Paola Avallone is an economist with a Ph.D. in economic history. She has been a fellow at Valladolid University (Spain), the International Institute of Economic History F. Datini, Prato (Italy) and Siena University (Italy). She has worked for the Italian National Research Council as Director of Research. Her publications include books and articles on banking and financial history and the economic history of Southern Italy.
Michael C. Bonello was appointed Governor of the Central Bank of Malta on 1 October 1999. Prior to his appointment as Governor, Mr Bonello was a senior official at the United Nations Conference on Trade and Development (UNCTAD) in Geneva.
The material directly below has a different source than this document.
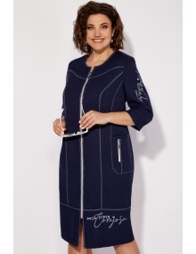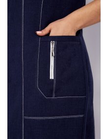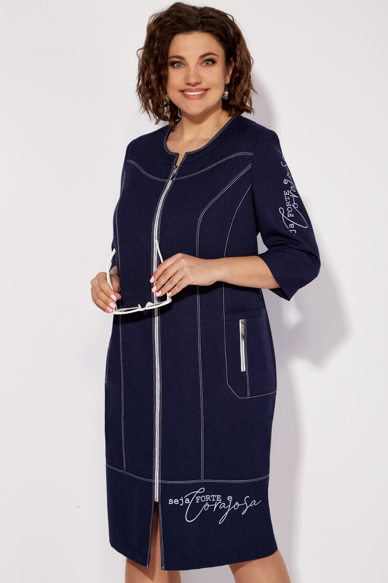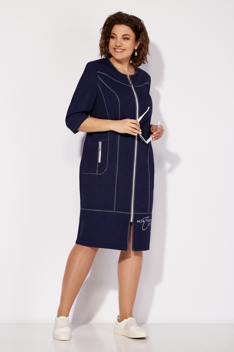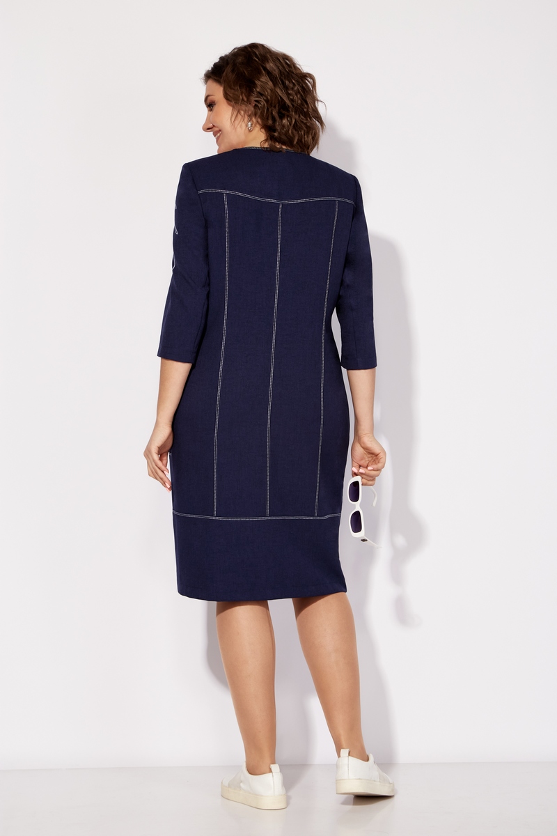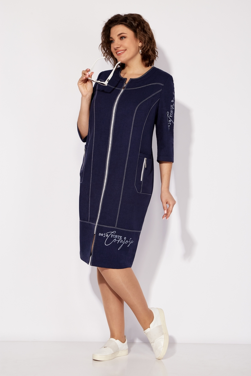 Модель Теллура-Л, М-1727Размеры: 54 - 58 Тип: Платье Состав ткани: 60% лён, 35% Пэ, 5% эластан (текстиль) Описание: Стильное женское платье, прямого силуэта. Выполнено из льна содержащего полотна с добавление вискозы. Застежка на тесьму – молнию по переду изделия. Рукав втачной, одношовный, длина чуть ниже локтя. По переду платья выполнена фигурная кокетка, рельефы, фигурные бочки в которых расположен карман, по которому расположена отделка в виде декоративной молнии. Вырез горловины округлый, оформлен плоско лежащей стойкой. Спинка с кокеткой, средним швом и рельефами. По низу выполнена притачная деталь. По всем швам отделка на двух игольной машине контрастными нитками. По одному рукаву и по нижней детали платья выполнена термопечать. Изделие отличается комфортом и удобством в носке, подойдет к любому летнему образу. Длина платья ок. 108 см Длина рукава ок. 35 см НАЗАД К КОЛЛЕКЦИИ |

Between 1983 and 1999 he served in various capacities, among them Senior Economic Affairs Officer in the International Trade Division, Chief of the Policy Clearance Unit, Advisor in the Office of the Secretary-General and Executive Assistant to the Deputy Secretary-General. Mr Bonello is a member of the Governing and General Councils of the European Central Bank, a Fellow of the Institute of Financial Services and a member of the Board of Governors of the Malta Financial Services Authority.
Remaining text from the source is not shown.